Aim of the exercise: Transcribe, starting at the line with "An extreme terrain" and ending at the line with "Kitchen Scale Esperanza", every line of the material below exactly, but leave out the pictures and anything outside that span.

Available data:
****************
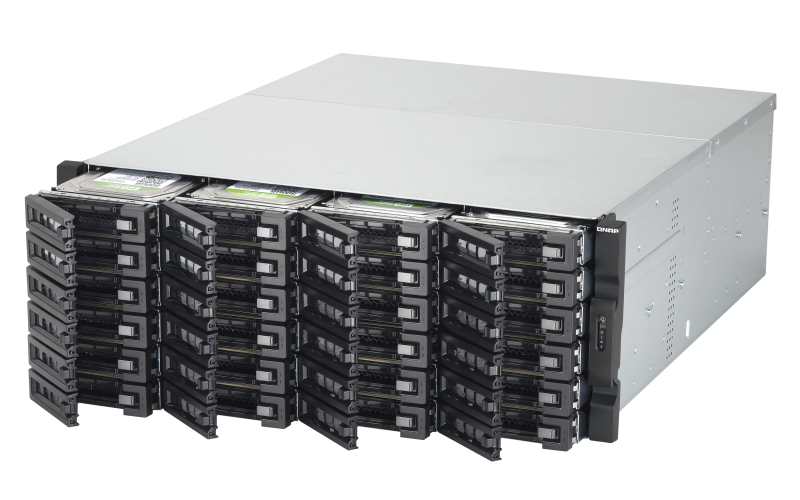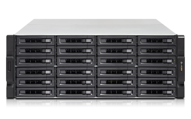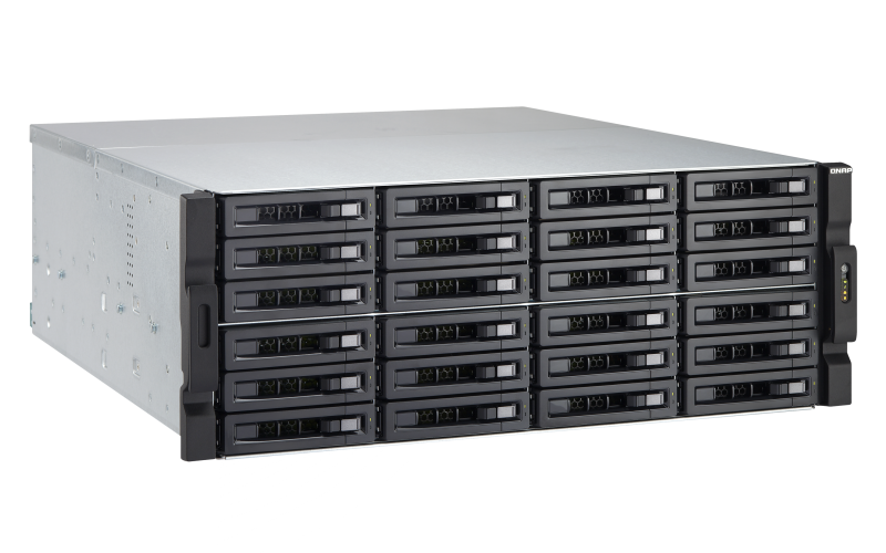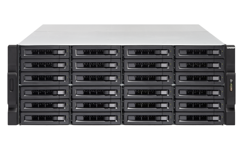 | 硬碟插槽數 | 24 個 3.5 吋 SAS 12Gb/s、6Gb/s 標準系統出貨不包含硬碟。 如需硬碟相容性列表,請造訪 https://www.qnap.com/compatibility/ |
****************
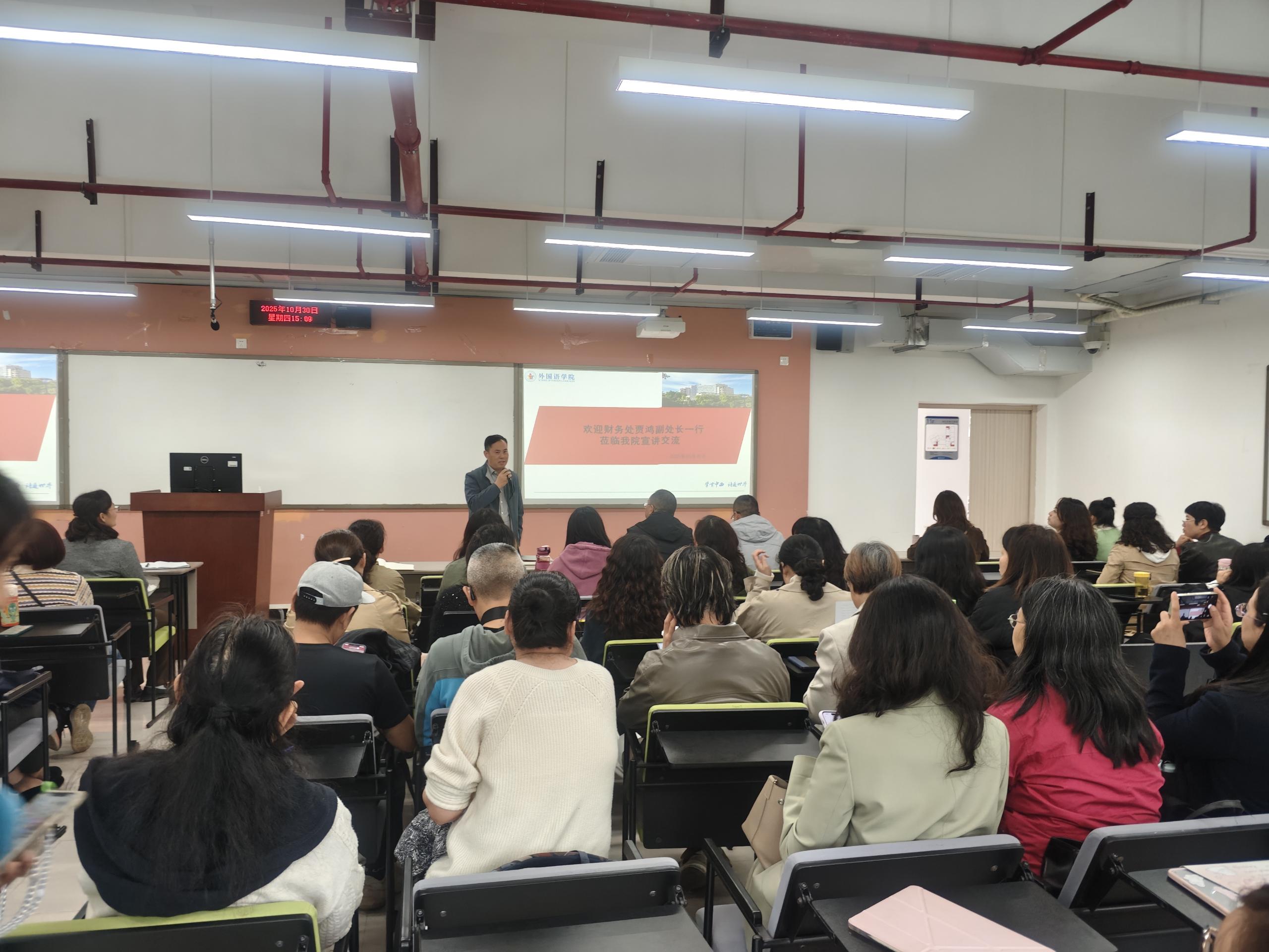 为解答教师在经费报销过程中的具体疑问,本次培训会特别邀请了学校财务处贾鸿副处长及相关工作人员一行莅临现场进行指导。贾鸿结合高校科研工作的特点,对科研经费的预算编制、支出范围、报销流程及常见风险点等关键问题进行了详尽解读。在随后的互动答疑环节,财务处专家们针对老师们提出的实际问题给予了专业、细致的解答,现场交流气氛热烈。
****************
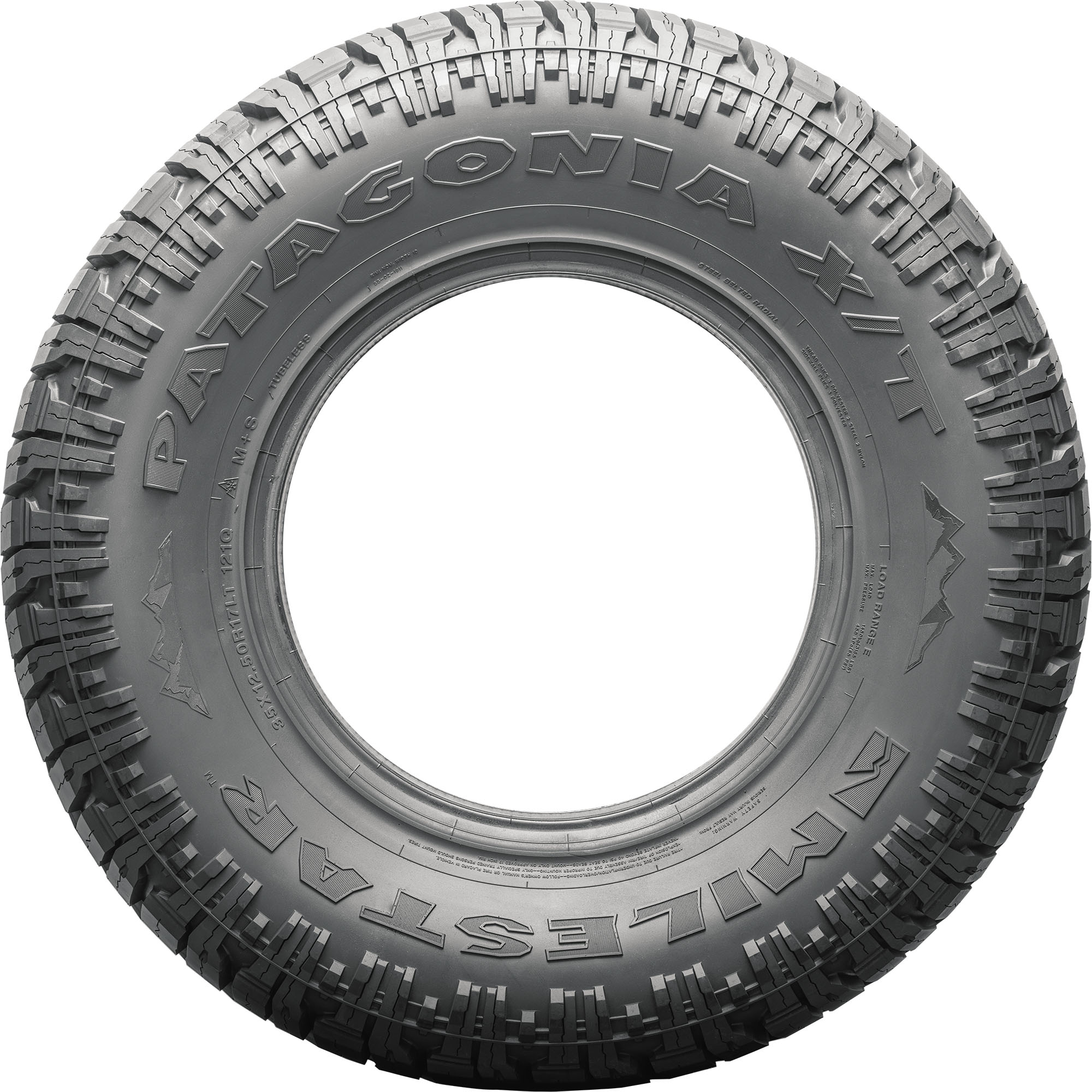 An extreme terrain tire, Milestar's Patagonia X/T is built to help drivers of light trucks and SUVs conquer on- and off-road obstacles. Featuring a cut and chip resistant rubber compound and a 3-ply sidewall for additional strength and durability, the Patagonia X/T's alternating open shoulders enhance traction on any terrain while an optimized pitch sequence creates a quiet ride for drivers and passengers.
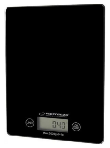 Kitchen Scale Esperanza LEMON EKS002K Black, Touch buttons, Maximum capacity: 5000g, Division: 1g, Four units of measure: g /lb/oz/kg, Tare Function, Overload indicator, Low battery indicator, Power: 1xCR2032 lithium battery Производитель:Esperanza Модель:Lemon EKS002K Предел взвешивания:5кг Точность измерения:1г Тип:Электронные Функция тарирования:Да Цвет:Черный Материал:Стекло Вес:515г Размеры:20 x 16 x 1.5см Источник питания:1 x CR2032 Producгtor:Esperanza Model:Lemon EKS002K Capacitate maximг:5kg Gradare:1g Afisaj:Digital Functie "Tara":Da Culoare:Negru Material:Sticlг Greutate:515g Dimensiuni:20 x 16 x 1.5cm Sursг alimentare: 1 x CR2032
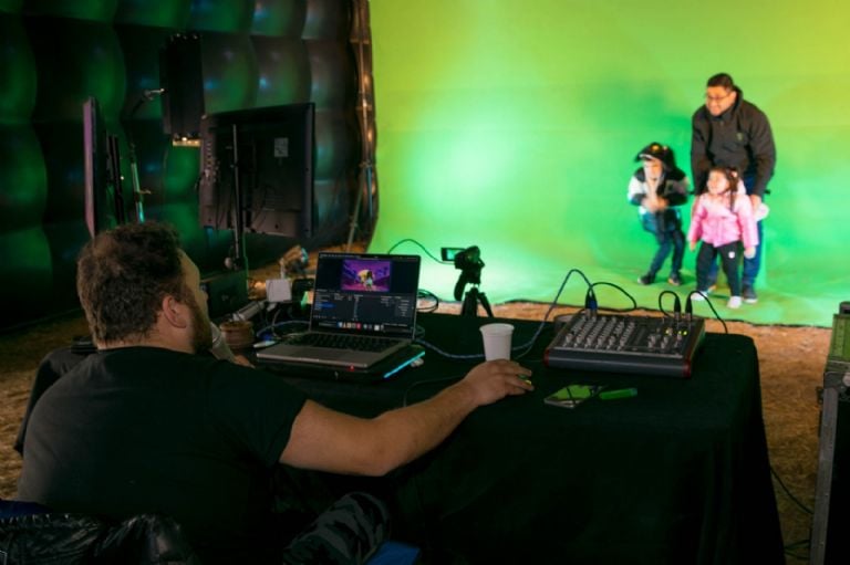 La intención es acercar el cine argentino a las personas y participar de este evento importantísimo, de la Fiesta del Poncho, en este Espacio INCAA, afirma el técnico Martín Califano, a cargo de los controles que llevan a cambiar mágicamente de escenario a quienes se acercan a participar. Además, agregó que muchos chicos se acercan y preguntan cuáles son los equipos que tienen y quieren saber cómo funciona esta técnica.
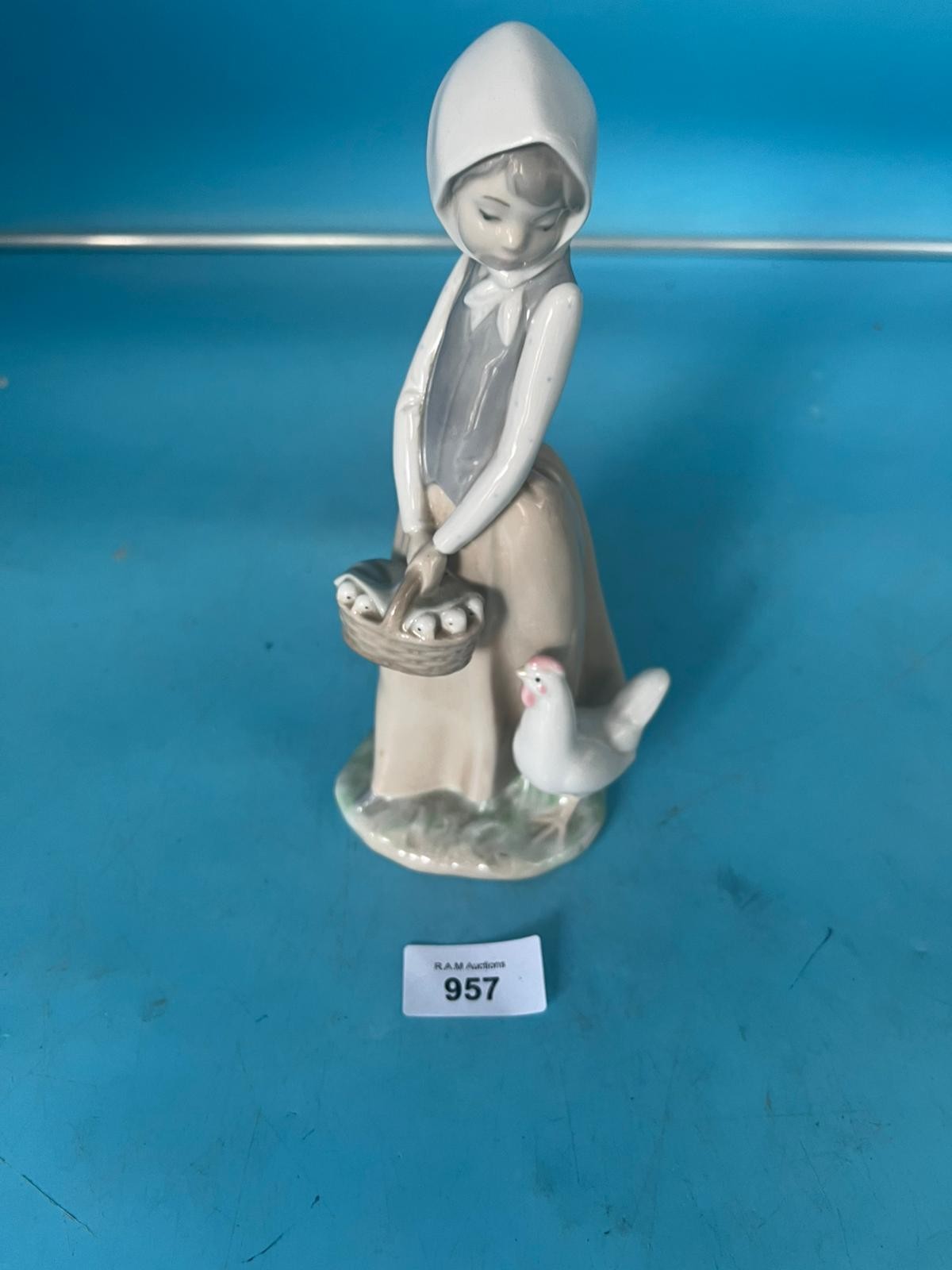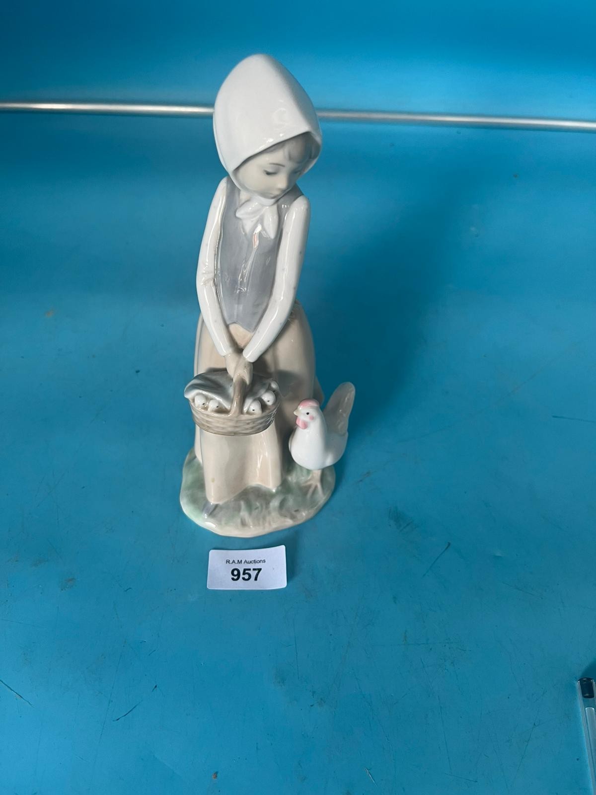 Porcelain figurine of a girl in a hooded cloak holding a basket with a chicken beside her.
****************
Output:
 An extreme terrain tire, Milestar's Patagonia X/T is built to help drivers of light trucks and SUVs conquer on- and off-road obstacles. Featuring a cut and chip resistant rubber compound and a 3-ply sidewall for additional strength and durability, the Patagonia X/T's alternating open shoulders enhance traction on any terrain while an optimized pitch sequence creates a quiet ride for drivers and passengers.
 Kitchen Scale Esperanza LEMON EKS002K Black, Touch buttons, Maximum capacity: 5000g, Division: 1g, Four units of measure: g /lb/oz/kg, Tare Function, Overload indicator, Low battery indicator, Power: 1xCR2032 lithium battery Производитель:Esperanza Модель:Lemon EKS002K Предел взвешивания:5кг Точность измерения:1г Тип:Электронные Функция тарирования:Да Цвет:Черный Материал:Стекло Вес:515г Размеры:20 x 16 x 1.5см Источник питания:1 x CR2032 Producгtor:Esperanza Model:Lemon EKS002K Capacitate maximг:5kg Gradare:1g Afisaj:Digital Functie "Tara":Da Culoare:Negru Material:Sticlг Greutate:515g Dimensiuni:20 x 16 x 1.5cm Sursг alimentare: 1 x CR2032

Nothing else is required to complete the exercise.